I am not going to go to church. I will never love a man who thinks that SCIENCE is not valid. And I want to be a working actor and film maker and will never teach until I have won awards at either. I am not going to be teacher because WILL WALLACE and MY FATHER and THE GOP members of SAG AFTRA want me to understand my father says I can not be on sets anymore and you say I can’t because of my behavior. I won’t change my behavior to be in the real world. I DON’T CARE. Being on sets meant everything to me. I did not cause an accident on a set. I wanted a future as a working actor. I DO NOT DREAM OF LIVING ANYWHERE ELSE BUT WHERE I CAN BE HEALTHY and be on sets. I will never shut up if a guy trys to tell me he wants to date me when he is married or if a guy wants to grab me. That attitude you call a “PROBLEM” is called having respect for my own body and wanting to be treated with respect. I will not put up with gross actions by men who do not respect a woman’s boundaries. And I am really tired of the immaturity. I am not a child. But I am governed by my emotions. And if you can not accept that then sorry but I am not changing. because my emotions are why i can act and my emotions are why I have a CONSCIOUS and people doing this to me DO NOT. ABC, DISNEY, SHONDA LAND, you were WRONG. SAG AFTRA I could have been a Meryl Streep type, OK maybe not as good, but you judged me inappropriately and I am tired of being blacklisted by you.
this is my life LILI BORDAN, CERRIE BETHAN, CARRIE FINKELEA, WILL WALLACE, CARRASCO, DREW, MIA EDEN (MARIA TVARDY), Unlike some of you i do not make acting into selling SEX. And BLAKE SHIELDS your a liar and dishonest if you do not step up and say I DO NOT DESERVE THIS. I will not go be with my narcissistic parents. I need to be with people who care about how i feel even if I AM THE ONLY ONE WHO CARES.

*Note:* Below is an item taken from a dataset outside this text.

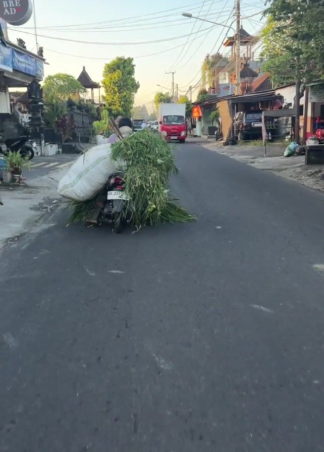 man riding a motorcycle on a narrow road in Bali, Indonesia. The motorcycle is heavily loaded with a large white sack and a lot of green foliage, obscuring much of the vehicle. The man is mostly obscured by the load. Traffic passes by including a red Isuzu truck, other motorcycles, and a white Suzuki XL7. The road is paved and the surrounding area features various businesses, shops, and traditional Balinese architecture. The sky is clear and it appears to be early morning or late afternoon based on the lighting.

And CHRIS LILY. You jerk. You gave me my lines as I was walking to makeup. I had no idea what was going on in the scene and if you did show that footage from the shoot “Just Us GUYS” with mostly ABC crew. I am so angry with you and the FLASH MOB people. I needed to get away from narcissistic people. And as to my not having a DAY JOB, I wanted to freelance as an editor. I used my money on sets to buy software. I build my own sites. I do not hire anyone to work for me. I work for me. And I even got a business license. But you bastards decided to go along with the lets make LAURA look like she deserves to be bullied for being lazy. You do not have an much education as I have by being lazy.